After years of struggling, they decided to cancel their contract. Paula says, “There were a lot of things in the contract to prevent you from doing that, but we were just really lucky.”
Paula and Dale researched crops that would give them more independence, greater financial return, and some relief from the time-consuming process of large-scale chicken production. They realized there might be new opportunities selling to local markets, so Dale used his engineering skills to transform the chicken houses into greenhouses for produce like tomatoes and peppers.
Heaters, fans, and even the computer that monitors static pressure have been repurposed for produce. Dale’s exceptional engineering skills made this transition possible, and so did the orientation of their chicken houses. Most chicken houses face east to west so the sun doesn’t shine into the sides and raise the temperature. But fortunately, the chicken houses at JB Farm were installed north to south, which is ideal for growing produce.

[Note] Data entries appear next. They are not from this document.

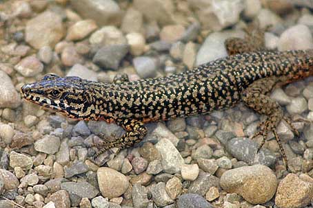 Boscá, E. (1916) - Dos observaciónes a propósito de la Lacerta muralis en España. - Boletín de la Real Sociedad Española de Historia Natural, 16: 327-330.  Castilla, A.M. & Fernandez-Pedrosa, V. & Backeljau, T. & Gonzales, A. & Latorre, A. & Moya, A. (1999) - Conservation genetics of insular Podarcis lizards using partial cytochrome b sequences. - Molecular Ecology, 7: 1047-1411.  ×Sequence data derived from a 306 bp fragment of mitochondrial cytochrome b and molecular variance estimates were used to investigate the genetic population structure of the endangered and endemic lizard Podarcis atrata of the Columbretes archipelago (Mediterranean, Spain). Our results show a very high and significant among-population genetic differentiation. FST values and phylogenetic analyses confirm the evolutionary distinctiveness of P. atrata populations, suggesting that the populations of these islands deserve special protection measures. The populations of the two islands Columbrete Grande and Mancolibre are less differentiated than those of Foradada and Lobo, and seem to have retained mainland haplotypes. This situation needs further attention as the origin of the mainland haplotypes is still unclear. If they are a result of recent introductions from mainland specimens, then they may represent a threat to the endemic lizards of the Columbretes islands. Gabirot, M. & Castilla, A.M. & López, P. & Martín, J. (2010) - Differences in chemical signals may explain species recognition between an island lizard, Podarcis atrata, and related mainland lizards, P. hispanica. - Biochemical Systematics and Ecology, 38 (4): 521-528.  ×Chemical signals can be the basis of interspecific recognition and speciation in many animals. The Columbretes Islands wall lizard, Podarcis atrata is very close genetically to the mainland Iberian wall lizard Podarcis hispanica. However, a previous study suggested that chemosensory interspecific recognition would avoid reproductive interactions and hybridization between these two species. These results suggested that chemicals used in intraspecific communication might differ in composition and/or proportions between these two species. In this paper, we used gas chromatography–mass spectrometry (GC–MS) to characterize the chemical composition of the lipophilic fraction from femoral gland secretions of male P. atrata and P. hispanica. The analysis showed that chemicals found in femoral secretions varied in composition and proportions between species and between populations. Seven steroids and two unidentified waxy esters, were exclusive of P. atrata lizards from the islands. In contrast, nine steroids and other six compounds were only found in mainland P. hispanica. There were also differences in proportions of shared compounds between species. Moreover, all these differences were higher between P. atrata and P. hispanica than between any population of P. hispanica. Chemical differences might be consequence of genetic differences, but they could also be explained by adaptation to different habitats with different climatic conditions or diet resources. Compounds that are specific of each species, or differences in the pattern of compounds, could explain species recognition. Therefore, these results of chemical composition and previous studies of chemosensory recognition reinforce the fact that the genetic differences between P. hispanica and P. atrata may result in an effective reproductive isolation between these two taxa.
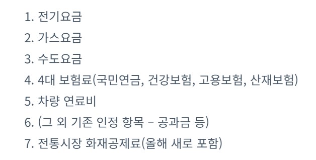 소상공인 경영안정 바우처는 소상공인들의 고정비 부담 완화에 초점을 맞춰 총 9개 항목에서 사용할 수 있습니다.
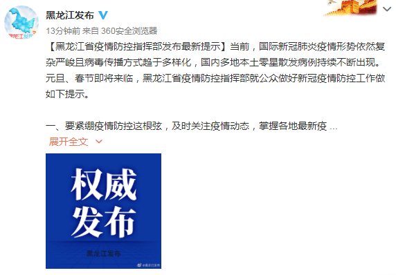 黑龍江省疫情防控指揮部發布最新提示
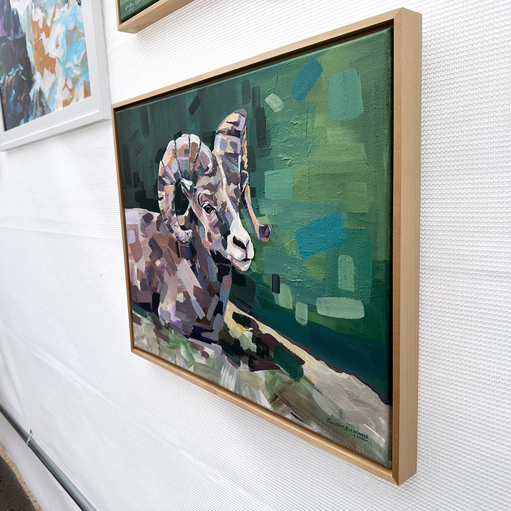 "Bighorn Sheep" is an original acrylic painting by Kristen Kozelouzek on canvas measuring 20" x 16". Maple float frame is included.

The greenhouse is now home to 600 cherry tomato plants and 700 sweet pepper plants, and Paula says that’s just the beginning. They started by growing the plants directly in soil, but plan to expand to hydroponic production, where plants are grown in nutrient-dense water instead of soil. After that, she says aquaponics are on the horizon. They plan to grow tilapia (a type of freshwater fish commonly found on restaurant menus) in a closed-loop system where the fish waste fertilizes the plants.
Paula now sells directly to the public instead of a national company. She stands behind the JB Farm booth at the Lenoir Downtown Farmers Market and delivers produce to two grocery stores in Hickory on her lunch hour. She still commutes 40 minutes to her office job, but hopes that there will be enough income for her to work full-time on the farm in the future.
Paula is amazed by the support they have received from the community as the farm transitions from production for global markets to producing food for local customers.
“When we work at the farmers markets, just to see the people that just love to come up and talk to you and just know that it’s coming from a local area, I think that is just kind of a culture thing we’re seeing.”